Minggu, 27 Mei 2012
Yogyakarta: Mahasiswa UAD Kembangkan Sistem Monitoring Gunung Berapi
Kamis, 28 Oktober 2010 05:55
AddThis Social Bookmark Button

Jakarta, 28/10 (SIGAP) - Mahasiswa Fakultas Teknik Universitas Ahmad Dahlan Yogyakarta mengembangkan sistem monitoring gunung berapi jarak jauh dengan alat "multifungsi" yang dapat mendeteksi perubahan suhu, kelembaban udara, tekanan, serta kemungkinan adanya gempa vulkanik, dan gas berbahaya.

Menurut Nur Huda, salah seorang mahasiswa Fakultas Teknik Universitas Ahmad Dahlan (UAD) Yogyakarta yang ikut mengembangkan alat monitoring itu, di Yogyakarta, Kamis (28/10) mengatakan sistem monitoring gunung berapi jarak jauh dengan alat yang kami kembangkan ini diharapkan dapat memberi kontribusi bagi upaya pencegahan jatuhnya korban akibat aktivitas gunung berapi, karena alat itu dapat memonitor berbagai perubahan di sekitar gunung.

Dirinya menambahkan, keunggulan sistem monitoring gunung berapi jarak jauh tersebut di antaranya lebih memiliki banyak fungsi dibandingkan dengan alat pendeteksi aktivitas gunung berapi dengan sistem monitoring melalui getaran analog yang selama ini digunakan.

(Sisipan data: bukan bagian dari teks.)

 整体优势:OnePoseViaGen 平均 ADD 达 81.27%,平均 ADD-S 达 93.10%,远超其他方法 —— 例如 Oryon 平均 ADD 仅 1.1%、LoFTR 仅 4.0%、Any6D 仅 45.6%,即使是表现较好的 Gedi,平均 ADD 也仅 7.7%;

"Sistem monitoring yang kami kembangkan dapat mengetahui perubahan suhu, kelembaban udara, tekanan, dan kemungkinan adanya gempa vulkanik serta gas berbahaya ketika gunung berapi yang dipantau sedang mengalami peningkatan aktivitas vulkanik, atau akan meletus," katanya di sela kegiatan Pameran Merapi Volcano 2010 di gedung Balai Penyelidikan dan Pengembangan Teknologi Kegunungapian (BPPTK) Yogyakarta.

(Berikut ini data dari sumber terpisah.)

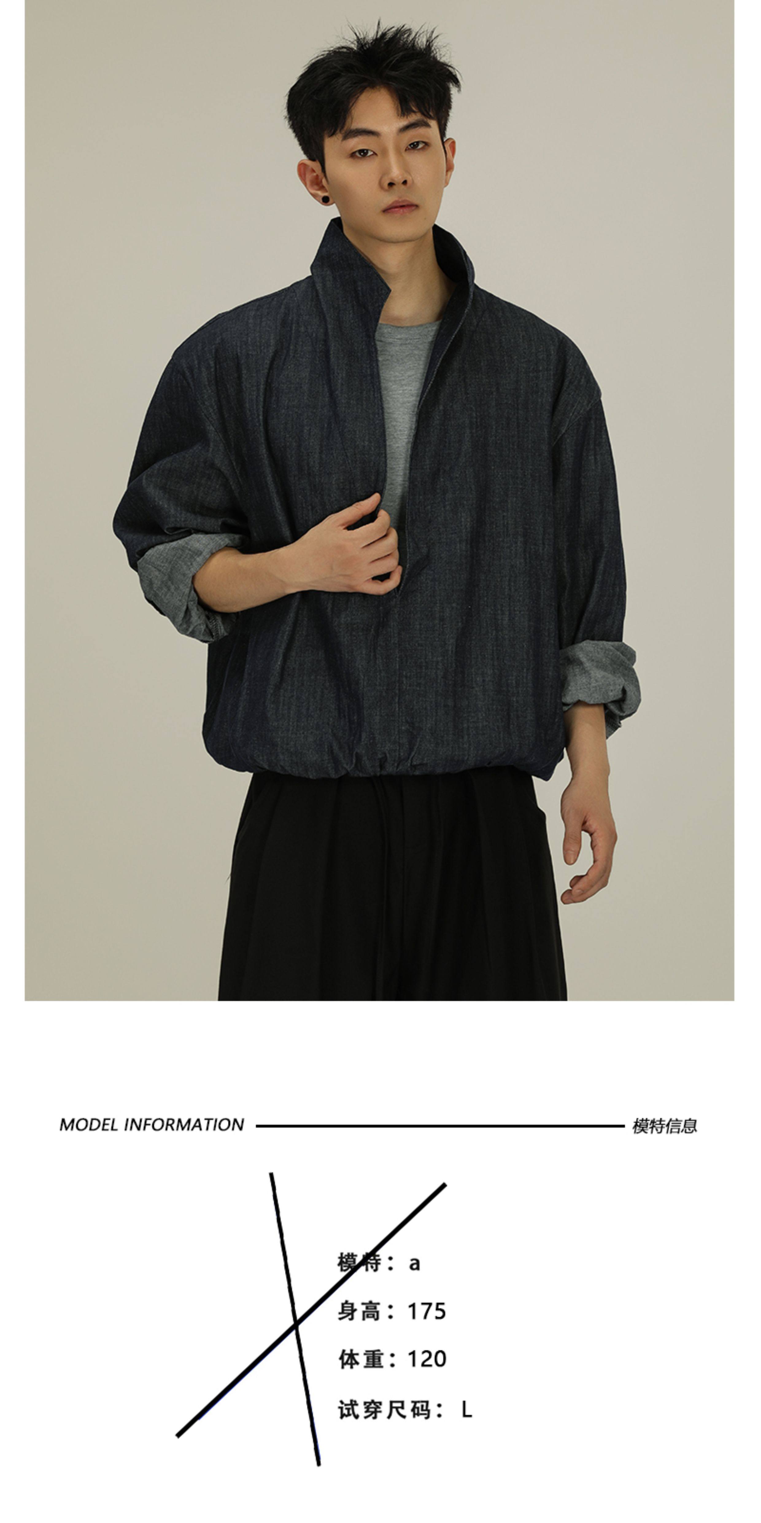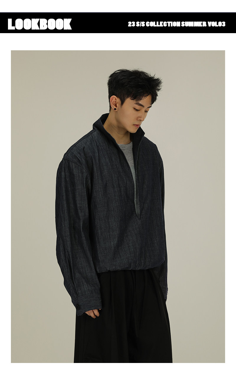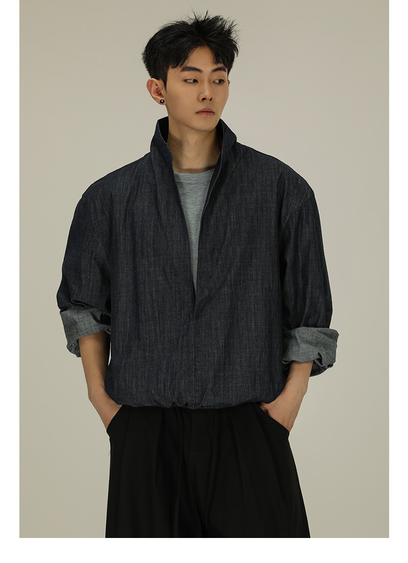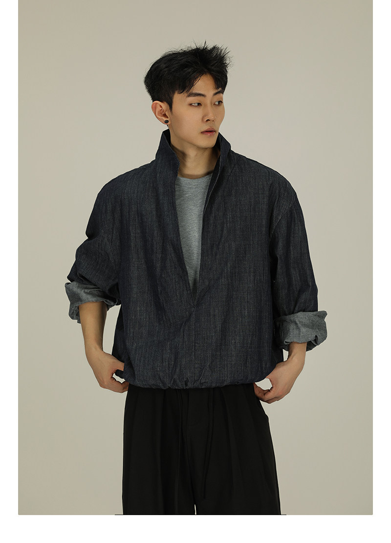 A Carton American-Style Original Denim Faux Two-Piece V-Neck Jacket, Loose Fit, Unisex Pullover Design, Stand Collar, Thin Coat, Trendy

Menurut Huda, sistem monitoring gunung berapi jarak jauh itu sudah dapat ditampilkan pada display secara digital. Ini berbeda dengan alat pendeteksi getaran gunung berapi, seismograf, yang masih menampilkan hasilnya dalam bentuk analog.

"Sistem monitoring getaran masih ditampilkan secara analog, dan hanya melakukan pendeteksian melalui gerakan bumi atau getaran yang ditimbulkan dari aktivitas gunung berapi. Ini berbeda dengan sistem monitoring yang kami kembangkan yang dapat menampilkan hasil pendeteksian secara digital, dan dapat mendeteksi berbagai perubahan keadaan yang diakibatkan dari aktivitas gunung berapi," katanya.

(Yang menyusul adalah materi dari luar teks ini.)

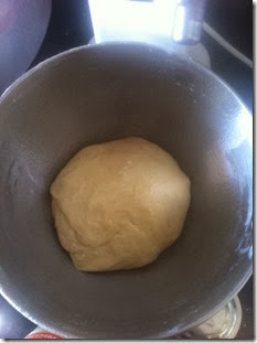 Now add the yeast solution and 1 cup of flour and mix it. Add 1/2 cup of flour at a time until it forms a soft, elastic and smooth dough. It should be non-sticky.

Selain itu, dirinya mengatakan jarak pantauan atau monitoring gunung berapi dapat disetting sesuai kebutuhan dan berdasar pada kepekaan atau sensitivitas reciver sensor. "Radius monitoring jarak jauh saat ini mencapai lima kilometer," katanya.

Huda juga mengatakan sistem monitoring yang dikembangkan pihaknya terdiri atas dua unit piranti yang berfungsi sebagai transmiter atau pengirim perubahan suhu, kelembaban, tekanan dan kemungkinan adanya gempa vulkanik serta gas berbahaya serta reciver atau alat penerima untuk ditampilkan pada display secara digital.

"Sensor yang digunakan adalah sensor suhu, kelembaban, dan tekanan yang didukung dengan piranti keras Axis, MMA yang dipasang pada piranti transmiter, dan dihubungkan dengan piranti reciver di posko pemantauan," katanya.

Dirinya mengatakan sistem monitoring gunung berapi jarak jauh tersebut dikembangkan mahasiswa Fakultas Teknik UAD Yogyakarta angkatan 2007, atau semester lima.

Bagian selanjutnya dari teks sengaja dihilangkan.